TRY IT - From the records below, please repeat exactly the line that has "Destruction awaits the", the line that has "[in the meantime, I", and every line between them, and nothing else.

TASK INPUT -

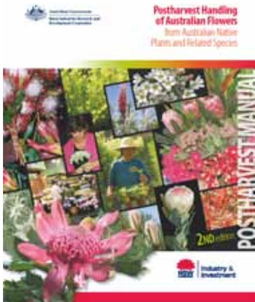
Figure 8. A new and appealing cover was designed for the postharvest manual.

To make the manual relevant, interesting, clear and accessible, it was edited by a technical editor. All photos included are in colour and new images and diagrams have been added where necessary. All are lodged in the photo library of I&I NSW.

==

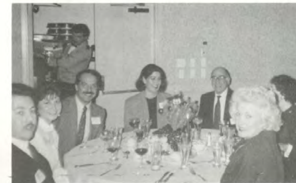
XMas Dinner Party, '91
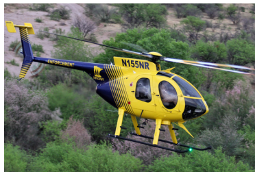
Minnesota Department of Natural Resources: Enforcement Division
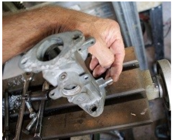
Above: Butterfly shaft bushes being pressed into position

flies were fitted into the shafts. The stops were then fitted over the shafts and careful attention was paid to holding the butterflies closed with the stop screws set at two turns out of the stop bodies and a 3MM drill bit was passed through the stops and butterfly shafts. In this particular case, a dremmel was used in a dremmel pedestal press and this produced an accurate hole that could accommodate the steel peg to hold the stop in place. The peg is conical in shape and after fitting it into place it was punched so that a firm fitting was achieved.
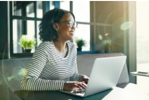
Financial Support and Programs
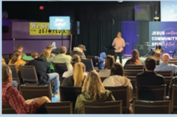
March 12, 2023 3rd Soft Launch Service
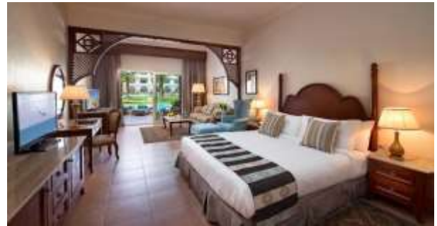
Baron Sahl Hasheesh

==

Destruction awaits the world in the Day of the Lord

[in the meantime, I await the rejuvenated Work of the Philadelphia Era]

RESPONSE FOR THIS EXERCISE -
Destruction awaits the world in the Day of the Lord

[in the meantime, I await the rejuvenated Work of the Philadelphia Era]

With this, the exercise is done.